Una revolución en la educación solo la pueden hacer los que saben de educación, los que desde hace años se levantan muy temprano a trabajar sin el reconocimiento que merecen, y lo hacen con fe, con vocación, con sensatez, con decisión. Este es el llamado. Convocar a quienes desde hace años luchan por educar a estas nuevas generaciones, anhelantes de otras perspectivas, esperanzadas en que el camino no sea este tortuoso y desesperante en el que viven. No quieren promesas, sino hechos. No quieren más humillaciones ni más caídas, ni más improvisaciones, ni intolerancia, ni más matoneo.
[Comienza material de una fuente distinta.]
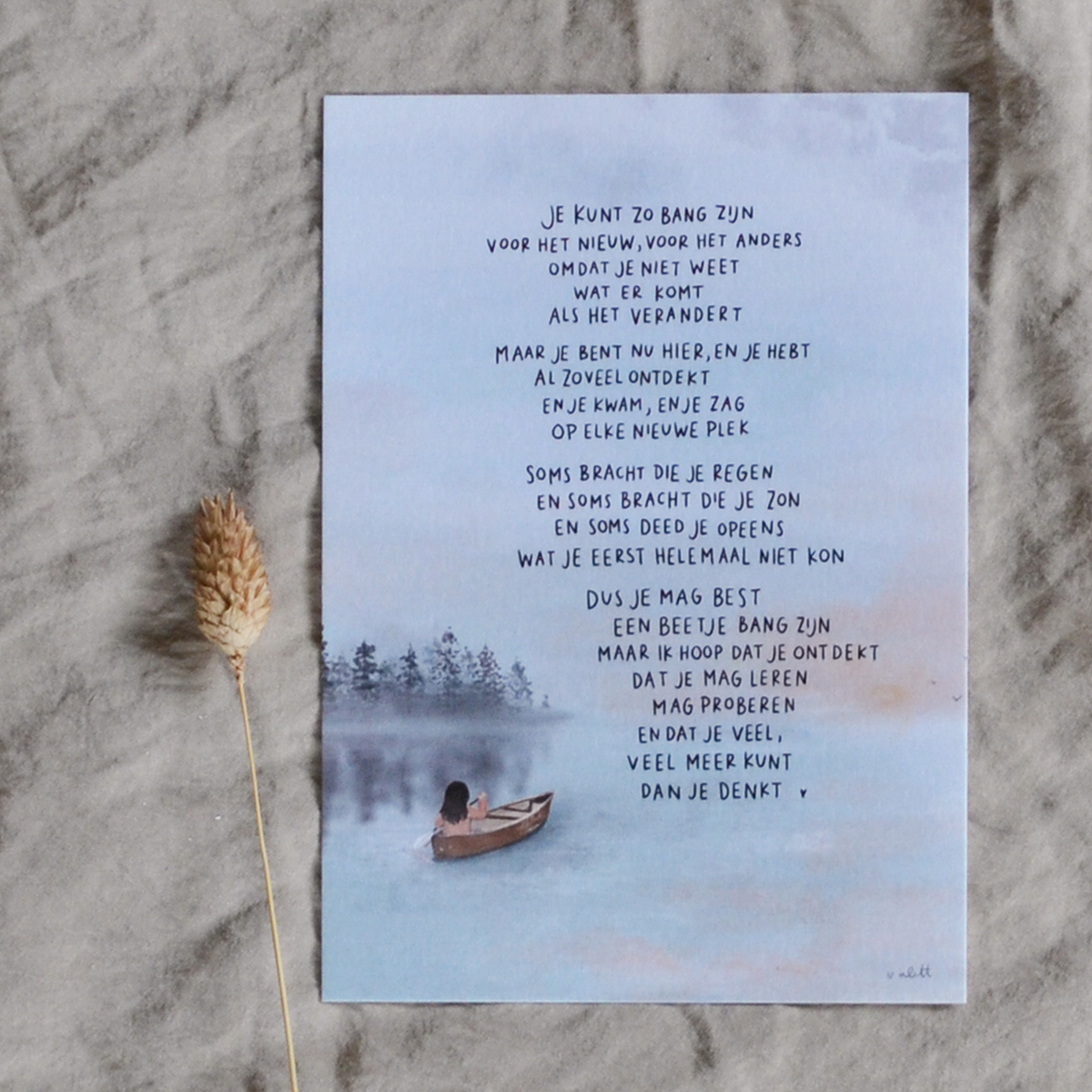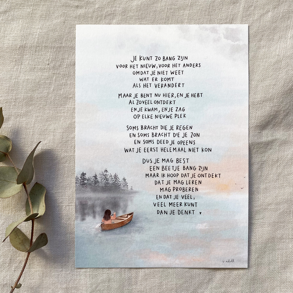 Ansichtkaart met illustratie en gedichtje over leren en ontdekken. Verkrijgbaar op verschillende formaten.

Una convocatoria que tenga la suficiente capacidad de producir un documento revelador de diagnóstico y en él la cura a este cáncer que se lleva, o se llevó, nuestro viejo prestigio de educados al abismo del fracaso, del desastre, de los cocteles y las apariencias. Una convocatoria que pueda, y tenga, el suficiente carácter para instruir a quienes gobiernan, sobre lo que se debe hacer: así, en imperativo: debe hacer. A esa convocatoria deben acudir, por lo tanto, los que educan. Los que saben qué es educar y cómo se debe hacer en estos momentos en que nos ganó la vida fácil, la doble moral, la impunidad, el odio, el egoísmo, la infamia, la grosería. Un comité de notables que no tenga ninguna aproximación con los que desde hace años trafican con la educación.
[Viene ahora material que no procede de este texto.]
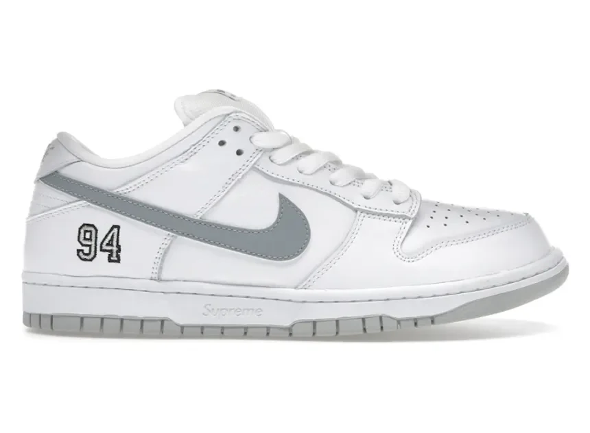 Nike SB Dunk Low Supreme 94 White Metallic Silver

Propongo desde esta tribuna que a la educación le pongamos la atención que merece, pero que sea un proyecto de gente honesta y dispuesta a darles a los hijos y a las nuevas generaciones la vida que merecen en un mundo menos enriquecido y más sabio. Poco ahora, pero mucho para el mañana de nuestros herederos. Tendremos el suficiente valor de emprender esta última tarea, antes de que los dilemas del dinero y el poder terminen de amilanar el destino provechoso de los seres humanos. Queda la propuesta, para que no digan luego que no se hizo. Y quitémonos de encina esa pifia mediática de ser, en el 2025, el país más educado. No lo necesitamos, ni lo necesitaremos. Allá llegaremos sin tanto ruido, despacio y honradamente.